MPs have been told that there is an “unquestionable” link between diseases such as dementia and contact sports, including football and rugby.

Professor Willie Stewart, consultant neuropathologist at the University of Glasgow, told a Department for Digital Culture, Media and Sport select committee hearing that training should be controlled in both sports to reduce the impact between head trauma and diseases in later life.

“The only thing that connects football to American football to boxing to rugby to wrestling to other sports where we’ve seen this pathology is head impacts and head injury exposure,” Professor Stewart said. “We have more than enough evidence that the only common factor is brain injury.

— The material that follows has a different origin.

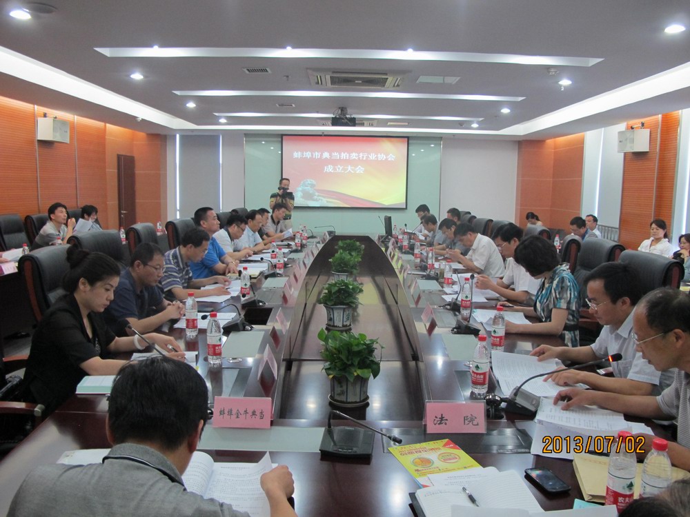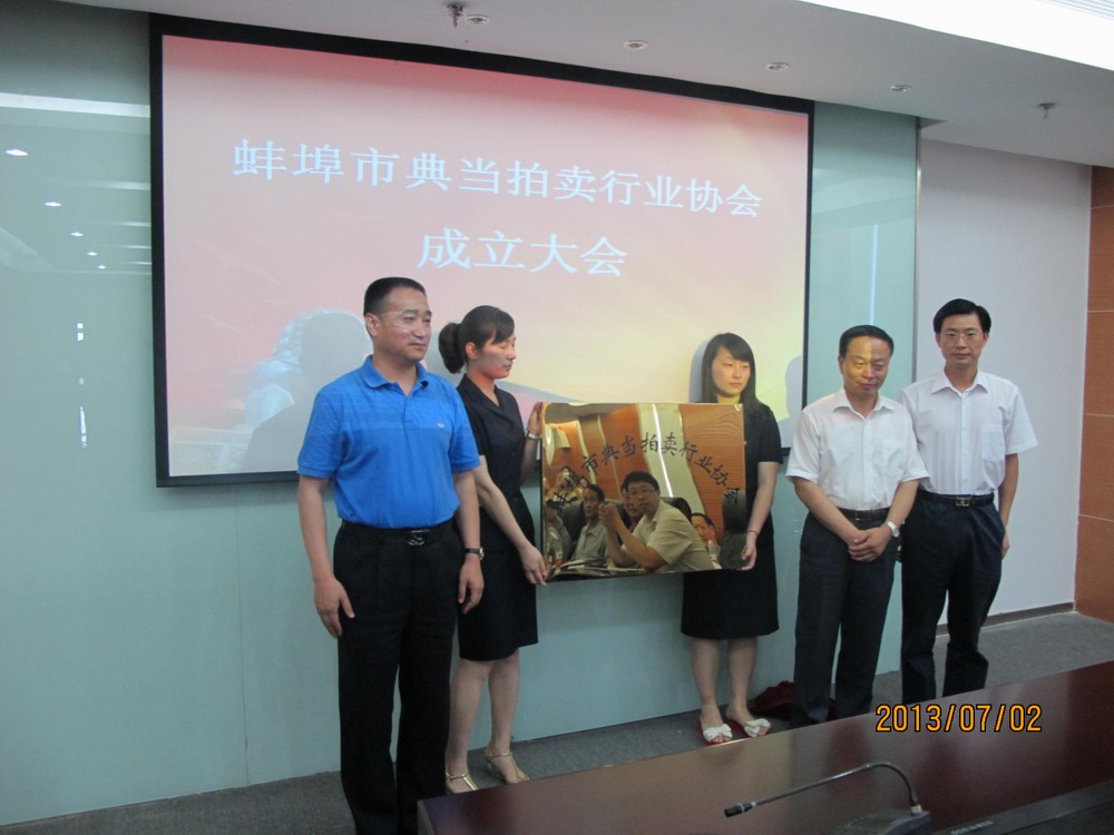 7月2日下午,蚌埠市典當(dāng)拍賣行業(yè)協(xié)會(huì)成立暨第一屆第一次會(huì)員大會(huì)成功舉行。市政協(xié)、商務(wù)局領(lǐng)導(dǎo)參加了會(huì)議。協(xié)會(huì)選舉興達(dá)典當(dāng)有限公司董事長(zhǎng)張建國(guó)為會(huì)長(zhǎng)。會(huì)上,市政協(xié)、商務(wù)局領(lǐng)導(dǎo)與各典當(dāng)公司、拍賣公司代表相互交換意見(jiàn)、深入探討,就協(xié)會(huì)今后的運(yùn)作發(fā)展進(jìn)行了規(guī)劃。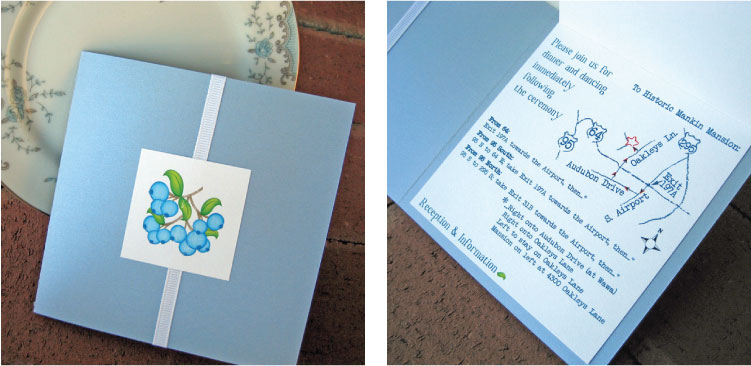 When Katie and Chad brought their inspiration of using blueberries throughout their custom wedding invitation and paper goods to Dogwood Blossom Stationery, I was excited to get started.  They choose a pearl-like opal blue paper for the invitation, paired with white cardstock and white grosgrain ribbon.  To make things easy on guests, they asked for a custom map to the weekend venue driving from each direction.  In order to accommodate the map, we created a square, folding wedding invitation that opened on the right to reveal the invitation itself and then flipped up to reveal the map and directions.  In the end, three different blueberry motifs were designed to adorn the various handmade paper pieces: wedding invitation, response enclosure, seating cards, and table numbers.

“Neurodegenerative disease, dementia and other conditions, was recorded on the death certificate in about 20 per cent of our former footballers against just over six per cent of the population control, so there’s a very real problem with neurodegenerative disease in football.”

Asked what steps could be taken, Professor Stewart said: “While recognisable head injuries are undoubtedly important, the cumulative effect of impact after impact after impact which don’t necessarily produce symptoms are just as important, perhaps even more important. So let’s think about how we reduce head impacts, improving on tackling [in rugby] and think about heading in training [in football].

“It’s one of these things where it needs to be legislated [in rugby], saying these are the maximum contact sessions per season. Let’s cut back on as much training as possible and that might produce a fantastic reduction to brain injuries and head impacts. If that’s not enough, could we cut back on the number of games?

“The last red-button step is to think about whether rugby is just too dangerous or football is just too dangerous. I don’t think we’ll ever get there.”